Suspected Intraamniotic Infection
Maternal fever in labor plus fetal tachycardia, uterine tenderness, purulent fluid, or ROM risk should raise concern.
- Review labor context, rupture duration, fetal heart tracing, and exam findings.
- Use institutional obstetric protocols for intrapartum management.
- Do not ignore isolated maternal fever in labor when the full clinical picture is concerning.
Maternal Sepsis
Hypotension, persistent tachycardia, altered mental status, dyspnea, or lactate elevation should lower the threshold for aggressive evaluation.
- Escalate immediately.
- Obtain cultures and source-directed evaluation as appropriate.

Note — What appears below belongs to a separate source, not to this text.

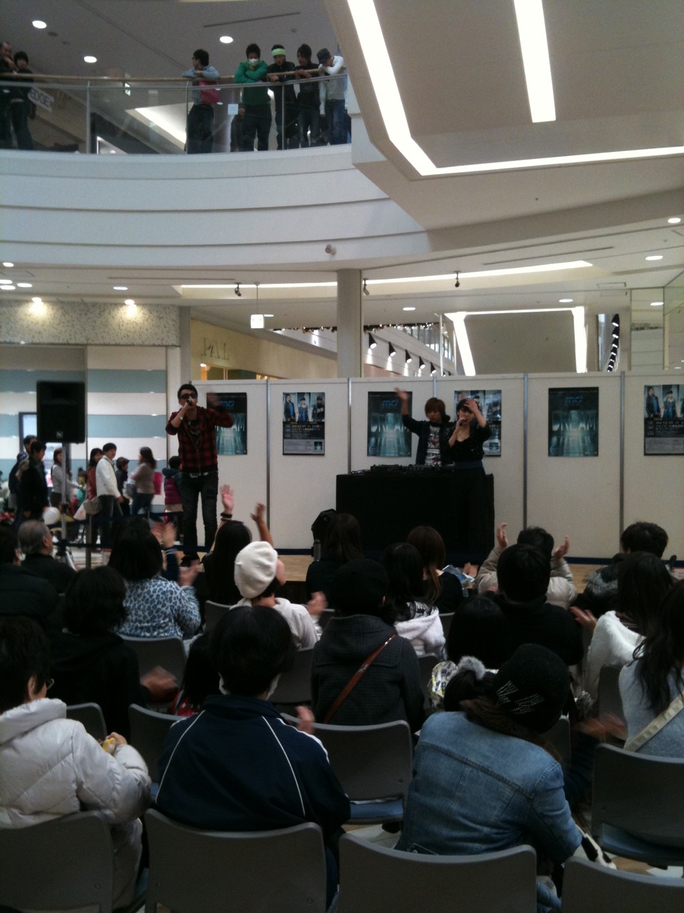 mc2LIVE! 原宿KDDIデザイニングスタジオにてmc2with HeartbeatのLIVE! いらして頂いた方、ありがとうございます! たまたま通りがかって観てくれた人も多いことでしょう LIVEの模様は街頭ビジョンで生放送されてました。 そうです←の写真の様な感じですね 終了後にサイン会も開催しましたよ インストアイベント、クラブサーキットとまだまだmc2with Heartbeat続きます 是非LIVEをチェックして下さい! |

- Coordinate multidisciplinary care when instability is present.
Postpartum Fever
Postpartum fever broadens the differential to endometritis, urinary infection, wound infection, mastitis, and non-obstetric infection.
- Examine the uterus, lochia, incision/perineum, breasts, and skin.
- Keep urinary and respiratory sources on the differential as well.
- Escalate when fever is persistent, accompanied by pain, hemodynamic instability, or concerning exam findings.
Quiz Module
1. Fever with flank pain, CVA tenderness, and positive urine findings in pregnancy most strongly suggests:
2. Maternal fever in labor plus fetal tachycardia should raise particular concern for:
3. Which combination is most concerning for maternal sepsis?
4. In pregnancy, listeria concern becomes more relevant when fever occurs with:
5. Postpartum fever should broaden the differential to include:
6. Which finding most strongly escalates fever in pregnancy to an emergency-level assessment?
References and Source Notes
Primary obstetric and sepsis guidance +
- American College of Obstetricians and Gynecologists. Urinary Tract Infections in Pregnant Individuals. Clinical Consensus. 2023.
- American College of Obstetricians and Gynecologists. Intrapartum Management of Intraamniotic Infection. Committee Opinion No. 712. 2017, with later update on suspected diagnosis criteria.
- Society for Maternal-Fetal Medicine. SMFM Consult Series #67: Maternal sepsis. 2025.
CDC pregnancy infection guidance +
- Centers for Disease Control and Prevention. People at Increased Risk for Listeria Infection. Updated 2025.
- Centers for Disease Control and Prevention. Caring for Patients with Listeriosis. Updated 2024.
- Centers for Disease Control and Prevention. About Infectious Agents and Reproductive Health. Updated 2024.
Scope note +
The calculator’s support scores are heuristic educational weights based on commonly cited obstetric, infectious disease, and public health guidance. They are not a validated clinical prediction model.